关叁青驱车把他们送回方浜路,对关壹红说:“先把他放这儿吧,要死也死在诊所里……”
没想到关壹红发怒了,冲他吼道:“什么死不死的?他不会死!”
关壹红打开诊所的门,让关叁青望风,她和毛跑跑一道把秦克抬进了诊所,关叁青把门带上,开着车就溜之大吉了。
郑二白在家里等得焦急,出门等,听见汽车声远去,抬头一看,见诊所里亮着灯,就觉得不妙,朝诊所走去……
接下来会发生什么?
选择一:郑二白一声惊呼;
选择二:郑二白没发声,晕了过去。
您选哪个?
很遗憾,您全错了。郑二白一声惊呼,却没能喊出来,因为关壹红手疾眼快,把他嘴给捂住了。
诊所的里间,秦克光着上身,静静地躺着,左肩膀的伤口暴露。郑二白仔细检查,一旁的关壹红心急如焚,逼他表态:“你到底做不做?做不做!”
“太太!”老郑一跺脚,“你听我说啊……”
“快说!”
郑二白使劲咽了口唾沫道:“以我的判断,子弹应该嵌在肩胛骨和第一根肋骨之间,这个部位神经和血管都很密,中间还可能有骨头碎片挡着,这样复杂的手术,我实在是……”
“那你说怎么办?”关壹红红了眼眶,“医院不敢去,在这儿你又说做不得,那就眼睁睁看着他死在这儿?”
情急之下,郑二白想到了那条狗:“玛丽!还记得吗?我说我不会做,你愣逼我做,结果怎么样?死在手术台上了!”
关壹红怔了一下,她当然记得可怜的玛丽,可现在情况不同,不做手术,秦克非死不可;做了,尚有一线生机。她把牙关一咬,狠狠地说:“郑二白我告诉你,你给他做,要是他……”她不愿说出这个“死”字,就说,“真的挂了,我不会怪你,只怪他命不好。可要是你什么也不做,就让他这么躺一个晚上,到明天不是失血性休克死掉,就是伤口感染得并发症死掉。要那样的话,郑二白,我绝不会原谅你,我马上跟你离婚!”
“你、你说什么?!”老郑愕然。
“离!婚!”
郑二白真是气坏了,秦克在的时候,为了他两人没少吵架;后来秦克走了,为了他接着吵架。
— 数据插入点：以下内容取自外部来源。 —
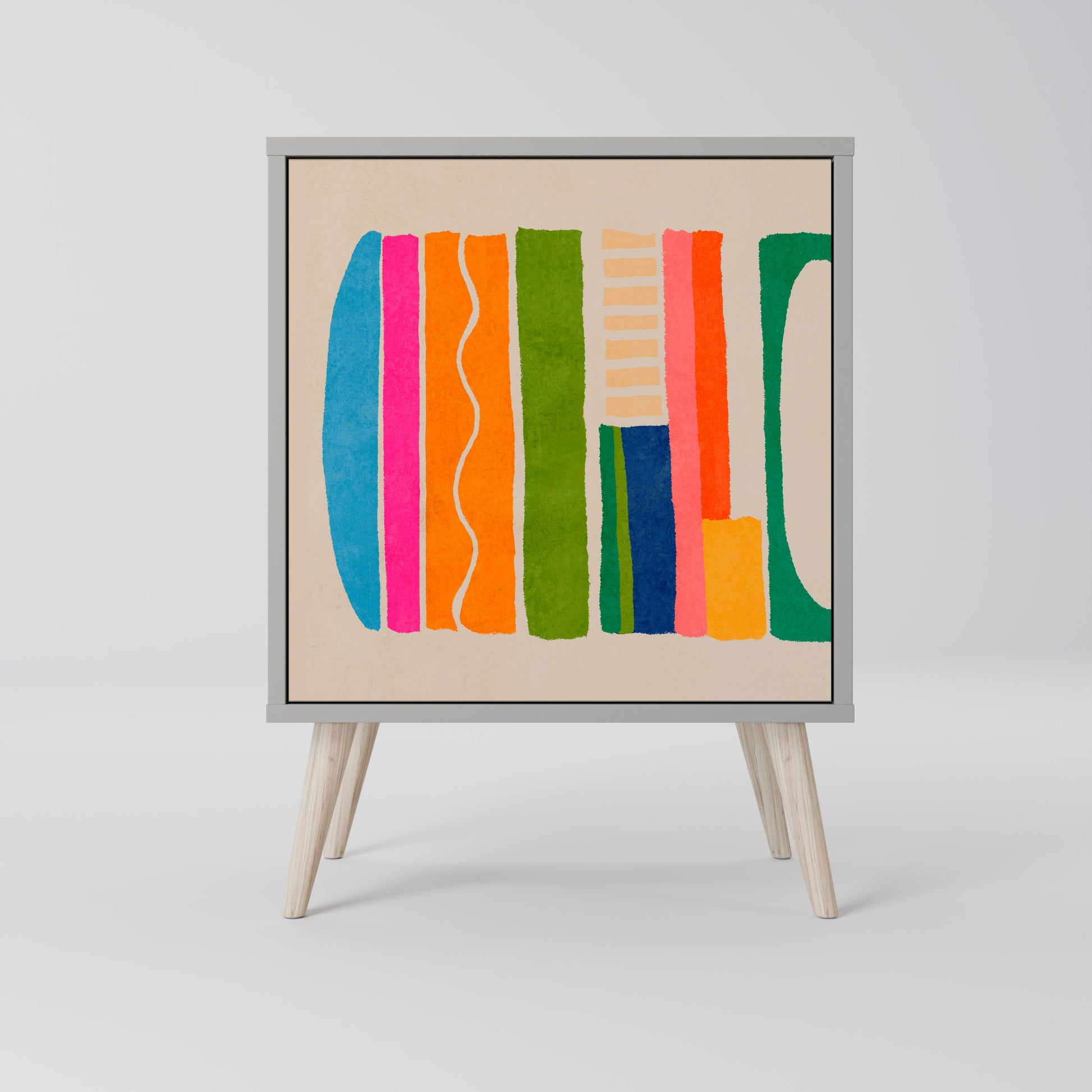 Questo mobile compatto ma straordinariamente elegante colpisce per il suo design minimalista, che si adatta perfettamente sia agli interni moderni che a quelli classici. Il tenue colore grigio della struttura conferisce al mobile un carattere discreto ma distintivo, mentre i frontali con una stampa esclusiva aggiungono un tocco artistico.

现在秦克半死不活地躺在这儿,为了他又得吵一架。
这个秦克,岂止是阴魂不散?简直就是——
郑二白找不出更贴切的形容词了。
“太太,”郑二白挤出一丝笑容,“你总得讲理吧?”
“讲理也得有工夫,现在没工夫了!”关壹红两手叉腰,比马太太更像雌老虎。
郑二白认输了,做吧,生死由命,就看他的造化了。
这手术也不是说做就能做的,诊所里除了一瓶云南白药,啥也没有。郑二白就想到了大师兄冷医生,赶紧去跟他借!
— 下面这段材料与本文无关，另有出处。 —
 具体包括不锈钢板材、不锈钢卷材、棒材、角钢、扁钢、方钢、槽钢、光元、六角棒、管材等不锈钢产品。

毛跑跑蹬着三轮车,把郑二白送去山东路的仁济医院。半路上又要经过老北门那道关卡,这次毛跑跑不敢再亮硬本本了,怕又遇上那个日本宪兵,人家会纳闷,怎么一个特高课的外勤白天蹬车晚上也蹬车,到底是执行任务还是搞第二职业啊?要是用日语跟他攀谈,不就露了馅?好在郑二白亮了“特别通行证”,对伪警察说:“我出急诊,这是你们龟田局长签发的。”警察认得他,挥挥手就放行了。
结果仁济医院没到,三轮车上又多了一名乘客——林妹妹。
她今晚接了一单生意,*,没想到那男的是变态,把林妹妹折腾得吃不消了,逃了出来,钱也没收,自认晦气。眼看过了宵禁,回不了家了,站在街上正愁呢,就看见毛跑跑蹬着三轮过来,真是喜出望外。老郑只好跟她一块挤在后座。
到了仁济医院,郑二白以为今晚大师兄值班,没想到护士告诉他,冷医生去乡下吃喜酒了,明天才回来。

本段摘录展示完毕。